Dunegan soon learned firsthand how people survived Alaskan winters after she accepted a permanent dietetics position in Nome. 

“I didn’t have a car my first year in Alaska, so I walked everywhere. The temps drop to 30 degrees below. Outdoor gear was extremely important. As long as you had your body covered, you were safe. The cold feels different than the cold in Michigan.”

Having grown up in Alpena, Michigan, Dunegan was no stranger to the cold. Still, it was an adjustment moving to the tundra — especially for the food.

“In Alaska, there is very little fresh produce. It’s extremely expensive when you find it; prices are insane,” Dunegan said. “Grocery shopping is a completely different experience up here than in Michigan.”

These differences did not frighten her away. Instead, Dunegan built a flourishing dietetics career that brought her from Nome to Anchorage. She has worked in both inpatient and outpatient settings, using her skills to help everyone from the smallest patients in outpatient pediatric clinics to the hospital’s sickest patients in the Intensive Care Unit. Even after becoming a manager at ANMC, Dunegan still performs direct patient care, a role that she relishes.

“I love the medical complexity of caring for all the different types of patients here in Alaska, whose scope is so large,” Dunegan said. “We see certain genetic disorders specific to this region, such as sucrase-isomaltase deficiency, which is the inability to break down starches in large volumes, kind of like being lactose intolerant of sugar.”

Not only growing her career, Dunegan has also grown her family in Alaska with her husband, Michael, an Alaskan Native of Yup’ik descent. Working in construction, he has built infrastructure to allow for running water in the same remote Alaskan villages where Dunegan served as an intern. The pair met while he was helping build a new hospital close by where Dunegan worked. Together, they have two children and reside in Anchorage, home to roughly one-third of Alaskan residents.

Even after 12 years spent in Alaska, she directs much gratitude toward NHBP back in Michigan.

“As a Tribal Member, I’m very grateful for the Educational Enhancement Program; without it, I wouldn’t have been able to earn my master’s degree in clinical dietetics,” Dunegan said. “I am the first one in my family to earn a master’s. My dad was a teacher. He passed away when I was 14, but I know he would have been so proud.”

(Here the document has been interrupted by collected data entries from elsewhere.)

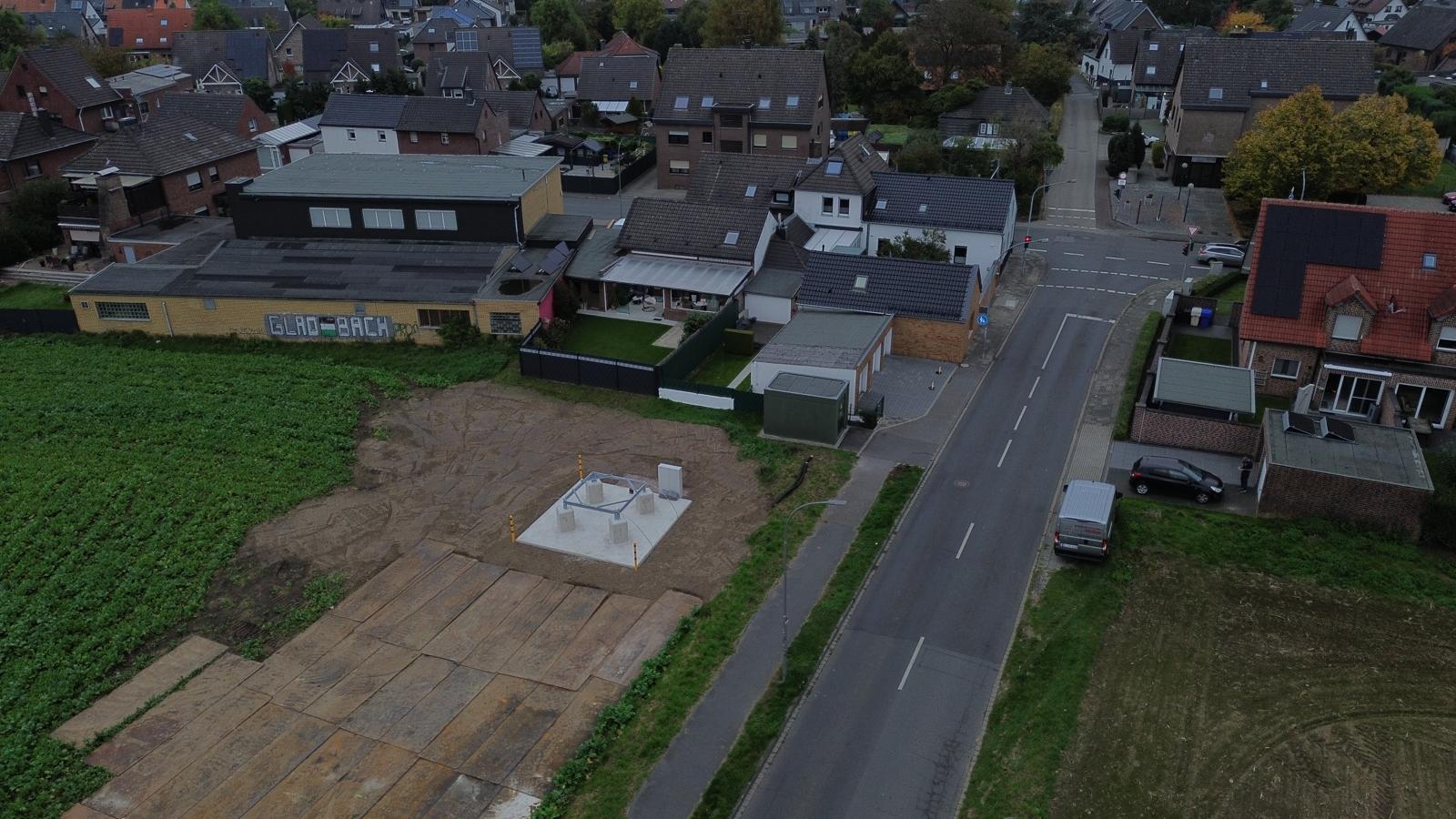 Hier ein Youtube-Video: Ein Rundflug um die Baustelle mit Blick auf den Ortsteil Sittard und die große Freifläche, die auch einen anderen Standort ermöglicht hätte.
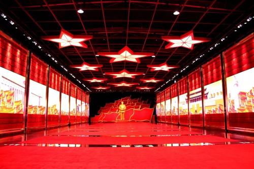 - 纪念馆由一个时空隧道、八个展厅、两个体验馆,一个放映馆、一个革命教育会议室构成。最大的亮点为一条气势恢宏、象征长征精神的时空隧道,以高清LED巨屏纪录了毛主席从1921年至1949年的丰功伟绩,一尊毛主席铜像威严屹立于时空隧道的顶端。时空隧道两侧的展馆里展墙上展出200幅上世纪50至70年代有代表性的毛主席的珍藏老照片,展柜里陈列着种类丰富的各类红色纪念品。
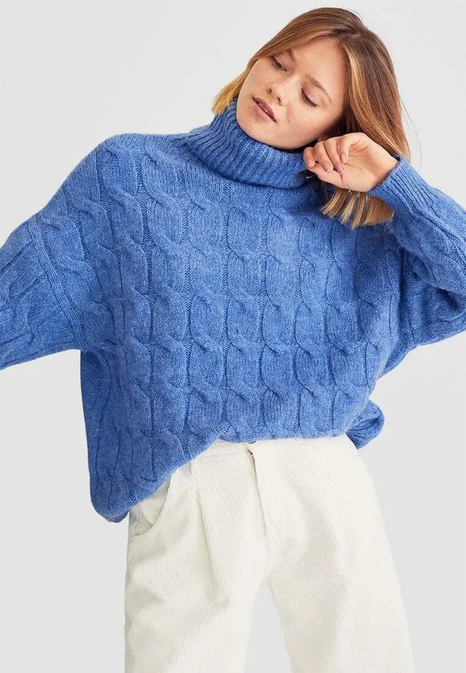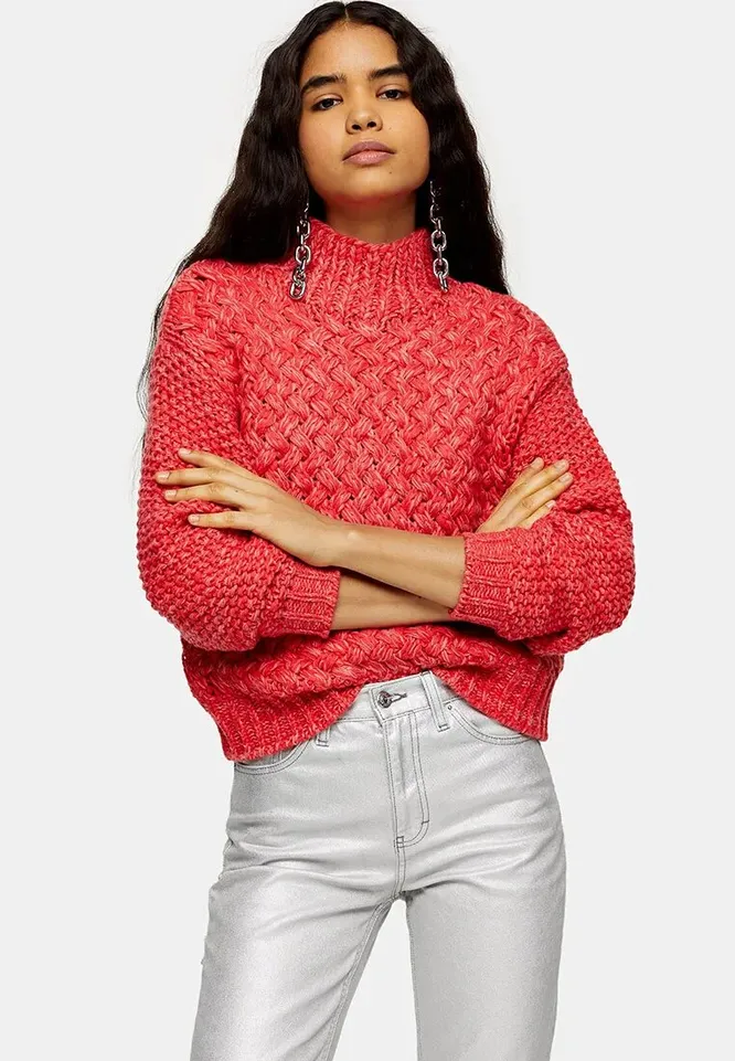 С кожаными брюками, черными рваными джинсами, плиссированной юбкой миди — этот свитер поможет сделать твой образ ярче, куда бы ты не отправлялась. Объемный крой, воротник-стойка, узор-косичка — беспроигрышная формула этой весны.
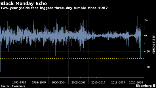 随着投资者纷纷湧入这个避险资产,2年期美债收益率出现1980年代以来的最大单日下跌,在之前的三个交易日下跌超过1个百分点。该收益率周二上涨11个基点至4.08%,为四天来首次上涨。
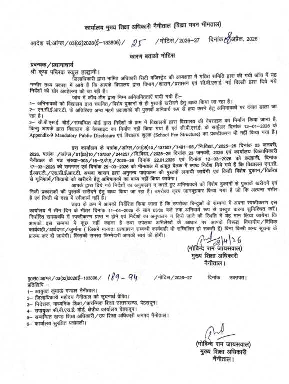 इस संबंध में मुख्य शिक्षा अधिकारी ने जनपद के सभी प्रधानाचार्य, प्रधानाध्यापक, राजकीय इंटर कॉलेज राजकीय बालिका इंटर कॉलेज, राजकीय उच्च माध्यमिक विद्यालय, राजकीय कन्या उच्च माध्यमिक विद्यालय एवं समस्त खंड शिक्षा अधिकारियों, उप शिक्षा अधिकारियों को निर्देश दिए हैं कि वह उक्त के क्रम में अपने विद्यालय के भौगोलिक क्षेत्र के अंतर्गत संचालित समस्त निजी विद्यालयों के संबंध में स्पष्ट प्रमाणिक सूचनाओं, जिसमें विद्यालय मान्यता प्राप्त है या नहीं यदि, मान्यता प्राप्त है तो यू डाइस कोड क्या है, तथा किस बोर्ड से विद्यालय मान्यता प्राप्त है उसकी जानकारी, मान्यता प्राप्त किए जाने की व वैधता की तिथि के साथ ही मान्यता प्रदान करने वाले सक्षम अधिकारी का नाम पदनाम की प्रामाणिक सूचना संकलित कर मान्यता प्रमाण पत्र की प्रति संलग्न करते हुए संबंधित क्षेत्र के खंड शिक्षा अधिकारी कार्यालय को दिनांक 10 अप्रैल 2026 तक उपलब्ध कराना सुनिश्चित करें। इस संबंध में उन्होंने समस्त खंड शिक्षा अधिकारियों, उप शिक्षा अधिकारियों को भी आवश्यक निर्देश जारी करते हुए संबंधित सूचना 11 अप्रैल 2026 तक उपलब्ध कराने को कहा है।
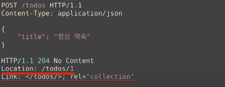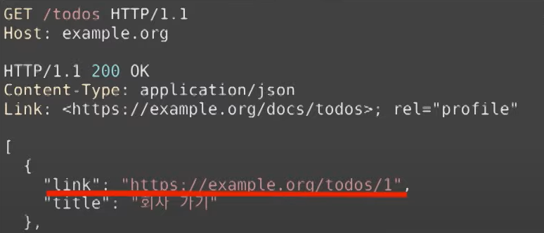 JSON에서도 HATEOAS를 만족할 수 있는 방법은 있는데, 위와 같이 Link 헤더를 사용하는 것이다.
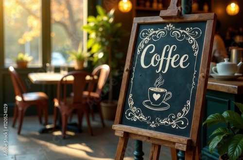Vintage coffee chalkboard with ornate lettering in cozy cafe
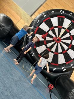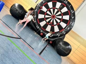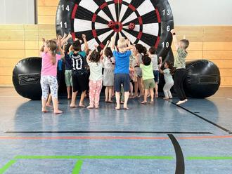 Björn Steinmetz hat der FGTS am Dienstag, den 15.07.2025 Hüpfburgen und eine Torwand zu ihrem Ferienprogramm zur Verfügung gestellt. Auch ein Sprungbock zur Gleichgewichtsförderung war dabei.
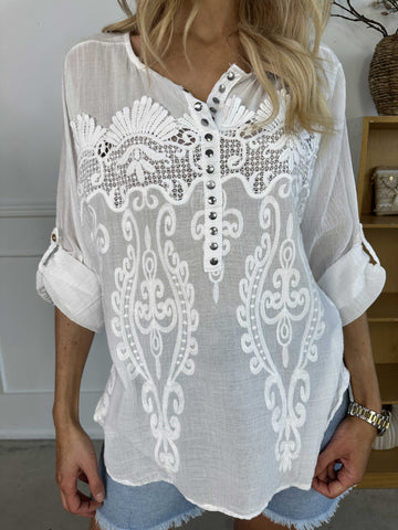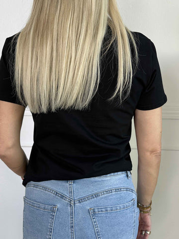 Selma - T-shirt i bomuld med broderet detaljer og similisten på brystet
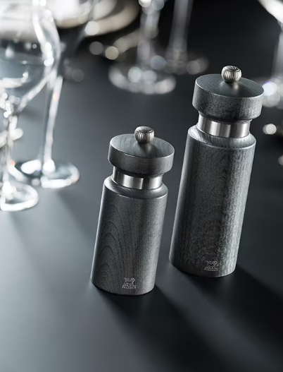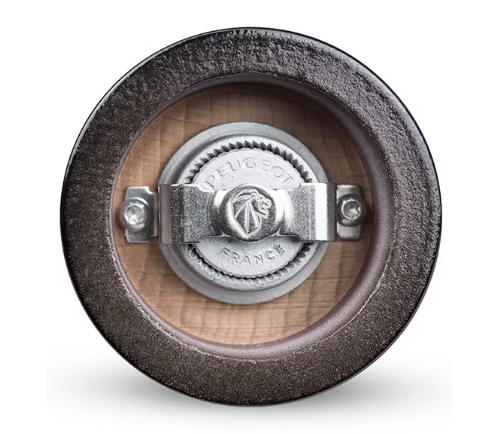 The gorgeous Royan salt mill from Peugeot is made from metallic beechwood and boasts a highly contemporary design with ultimate refinement and sophistication. Its delicate stainless steel ring is strikingly set off by the grain of the mill's body. The salt mill has a high quality grinding mechanism, specially designed to release maximum flavor and aroma by first cracking each sea salt rock before it is ground. You can easily adjust the coarseness of the grind by turning the top nut. The Peugeot pepper mill was made in France, stands 14cm / 5.5 inches tall, and has a lifetime warranty.
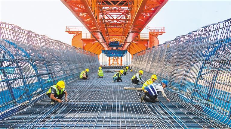 ◀4月10日,位于广东东莞的深江高铁跨沿江高速特大桥建设现场,工人们在有序施工。

Continuously seeking a higher purpose in whatever she does, Dunegan has been accepted into the United States Public Health Commissioned Corps, with her call to active duty beginning in June 2022.

“My education enables me to help others in so many more ways, and it will only advance my career.”

Dunegan hopes to eventually return to Michigan to work directly with NHBP to help support food sovereignty and the overall health and well-being of her Tribe.